The Line control lets you draw lines wherever you want on a form, but it does appear strange at large widths. This is a full partner in the event loop, with its own properties, events and methods.

Property

Value

Purpose

BorderWidth

Numeric

The width of the line drawn, in pixels. Note that lines with a BorderWidth of 6 or more start to take on an oblong shape.

LineSlant

"\"

Line slants from the upper left to lower right corner.

"/"

Line slants from the upper right to lower left corner.

This control puts a line into a rectangle described by its Top, Left, Height and Width properties, and responds to the usual stimuli of MouseClicks and DragDrop events (including, starting in VFP 7, MouseEnter and MouseLeave). We doubt we’ll use its events for much, however, because it is a pretty limited input device. It’s not obvious by looking at Line’s properties, but you create a horizontal line by setting its Height to 0 or a vertical line with Width of 0.

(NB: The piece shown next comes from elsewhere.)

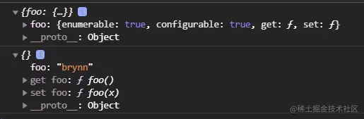 - get:获取属性时调用的函数(使用console.log(Brynn.name)就会调用get函数)

Don't assume the Width of a Line control is its actual width, nor that the control's Height is its real height. BorderWidth plays a tricky part here. Visual FoxPro attempts to create a line of width BorderWidth by drawing half the thickness above the line and half below, a reasonable algorithm. But this principle is taken too far, including the endpoints, creating a half-circle of one half of the BorderWidth around each. This is not only ugly, but inconsistent with other controls whose visual appearance is cropped at the rectangle described by their Top, Left, Height and Width properties.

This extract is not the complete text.